Monday, April 9, 2018

Bloody Game

These daily moves have been vicious.  There is no such thing as hanging out in the middle of the range.  Its either straight up or straight down.  The VIX is not correctly pricing in the amount of movement that this market is currently exhibiting.  Sure, the VIX is pricing 1 month forward vol, but usually implied vol trades at a premium to historical vol. 

This market is really testing the limits of how long a U bottom lasts.  Usually at the most, these U bottoms last 2 weeks.  It has been over 2 weeks since we first hit that panicky low under 2600 on March 23.  If this were to follow past bottoming patterns, it should have already been rallying.  Instead, the SPX is stuck in a 2560-2680 range for the past 2 weeks. Granted, that is a huge range, for just 2 weeks, but the moves have been huge on a day to day basis.  Usually that kind of volatility is a sign of a market bottom, and the elevated put/call ratios and bad news flow is usually what happens at a bottom, yet this thing refuses to go up and stay up. 

Perhaps it is the constant news flow that is making the bottoming process so lengthy.  I don't think its profitable to rationalize moves in the market with news.  Price is truth.  And clearly this cruise ship is crowded with retail customers bogging it down and making it hard for the trend to turnaround. 

I am still in the bullish camp, but losing a little bit of conviction with each passing day.  The longer this market tries to bottom in this 2560-2680 range, the more likely that it breaks this range to the downside rather than the upside. 

If there was no trade war fears and the market was trading like this with no headlines, I would be extremely worried being long.  As it is, the trade war hype reduces the meaning of Friday's weakness.  My first read and current read of the market is that we are in a choppy U bottom that will resolve to the upside, very soon, but if I had 75% confidence last week on that prediction, it is down to about 60% confidence now. 

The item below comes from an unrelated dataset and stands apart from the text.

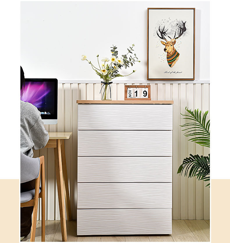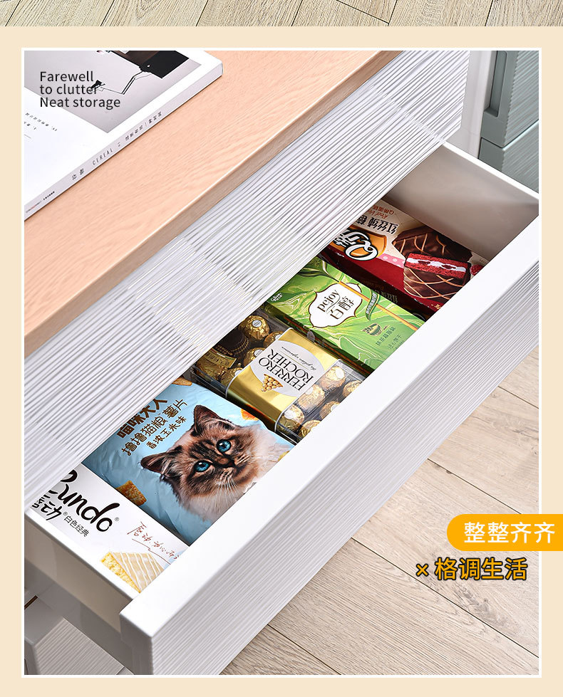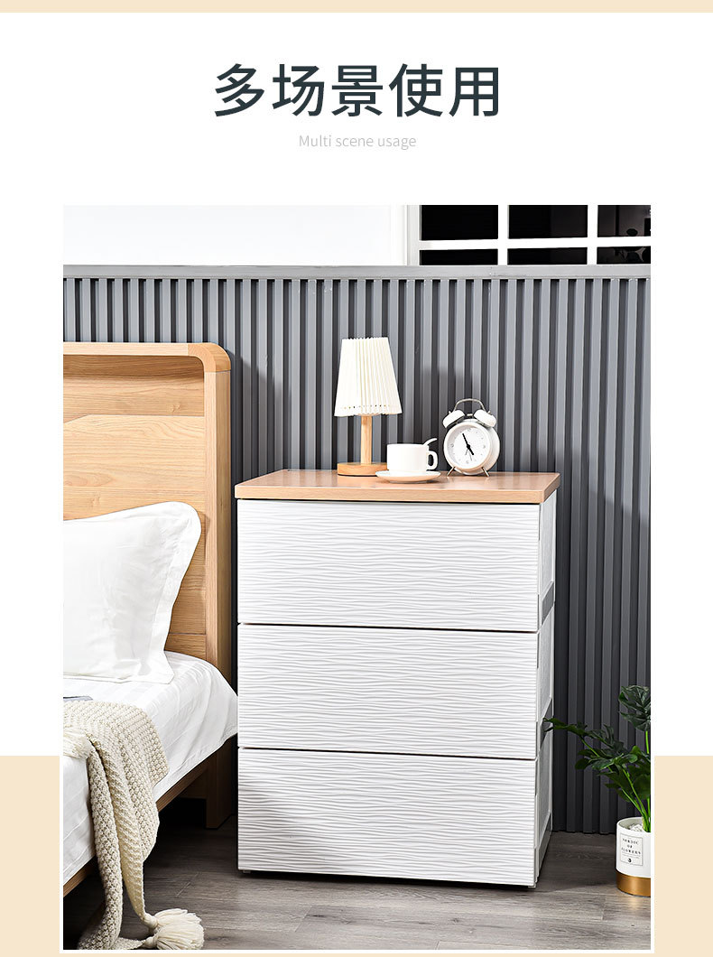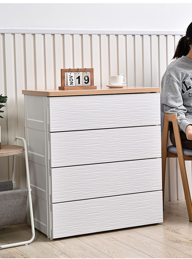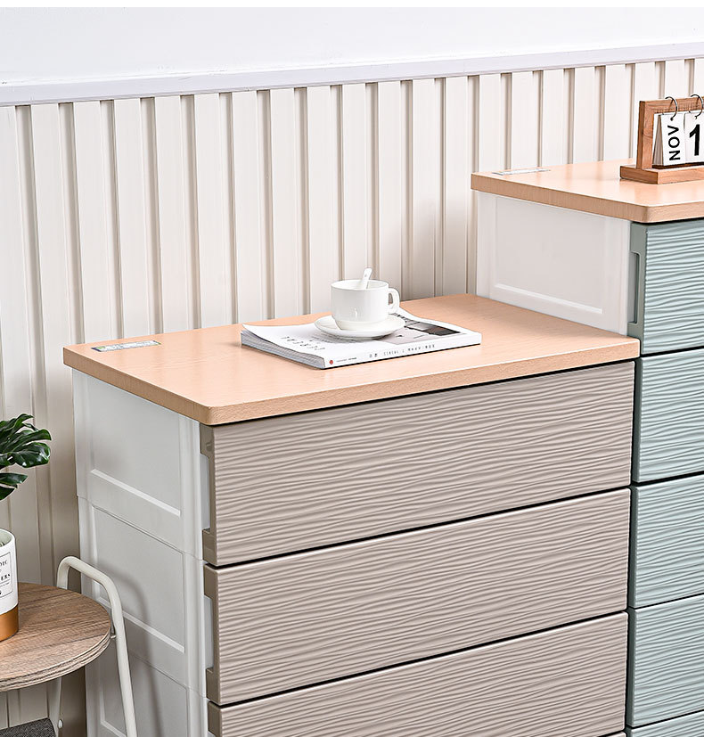 심플하고 모던한 플라스틱 수납장 서랍형 캐비닛 일체형 무설치 목재 상판 정리 수납장 침대 옆 테이블스토어 가기

Big picture, this is a topping process that will require a different approach than 2016 o r 2017.  It is trading like 2000, to be honest.  But that would be too scary to contemplate for longs if they remember how nasty that 2000-2002 bear market was.  I don't think it will be that bad, but it could very well be half as bad.  In that case, instead of 50% downside, you are looking at 25% downside, which would be still be  around 2150 from a 2870 top.  That is a big move down from here.  Keep that in mind when the market is trading more positively and it becomes reasonable to start playing the short side.  Gut feeling is that there will be some nasty down moves in the second half of this year as mid term election season nears.